The Fit Student—Nuzzling Noses

What if you spend months writing an A paper, but get an F?  What if, instead, when you saw your grade, your eyes blinking tears, a dove gently perches on your shoulder, startling you, nuzzling soft feathers against your neck?

I used to crumble with criticisms.  They crushed me, kept me small, snatched away my dreams of a math PhD.  A week or two ago, one new Voice writer wrote about pain stemming from others’ stomping her dreams.  I sympathized—deeply.

So, encourage others—always.  Weeks ago, I discovered that a barista wants to run a marathon.  So, I cheer her on—every chance.  I promised a gift, pointed out marathon apps, beg to hear about her gym routine.  I relish in her win.

Not only do I celebrate baristas, I befriend bank reps.  I phone banks for Christmas credit increases—and other fun stuff.  Whenever I hear friendly voices, I pass on praise to supervisors.  Even Timothy at dreadful Revenue Canada—of all places—got kudos for his kindness.

But sometimes I slip.  Sadly, we all do.

At my last visit to the optometrist, I bit my tongue.  I stopped myself from complaining about an optometry assistant.  She seemed off kilter, strange, unsure of herself.  I feared her.

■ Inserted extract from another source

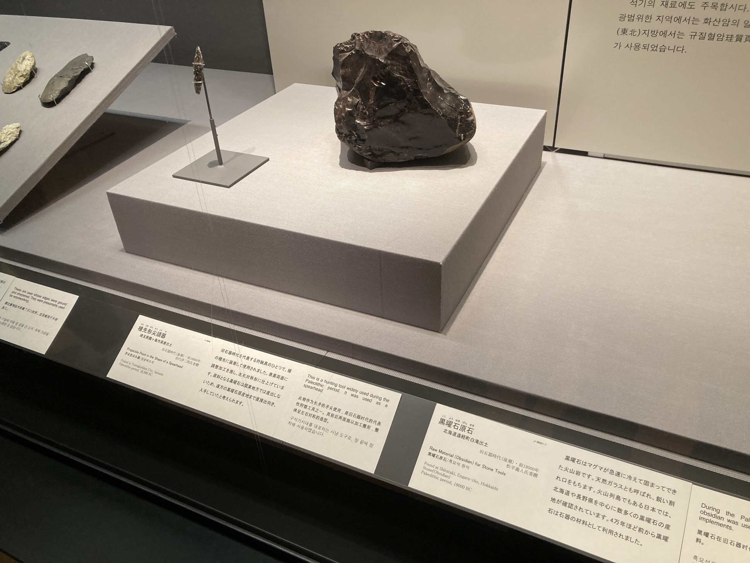 で、そんな石器の石材として使われていたのが、学校の歴史の授業でも教わる我らが黒曜石。北海道から九州地方にかけて広い地域で使われていた石。尚、黒曜石が少ない東北地方では珪質頁岩、近畿や瀬戸内地方ではサヌカイトが使われていたらしい。

Months later, when I returned, the assistant told me her name: Katrina.  So, I broke out singing “Walking on Sunshine” by Katrina and the Waves.  As we laughed, she turned on Spotify, and “Walking on Sunshine,” to our surprise, played.

I saw it as a sign.

At the end of the session, Katrina shared that I had been her first patient at that clinic.  Oh, first day jitters!  If I had complained, I could have crushed her spirit—at least lingered as a bad memory.  I vowed to withhold criticisms.   Besides, Katrina tests eyes like a Kimble A-student.

The moral?  Do less complaining, more cheerleading.  Cheering on others fends off foes.  I dreamed last night that FBI agents swarmed me, ready to pounce.  I crumpled, cowered, on the ground.  But a bunny hopped up and nuzzled my nose, followed by a kitten, and then a chipmunk.  Now I was ready for the FBI, a grin widening on my face.  We handle life’s worst easily with nuzzles and smiles.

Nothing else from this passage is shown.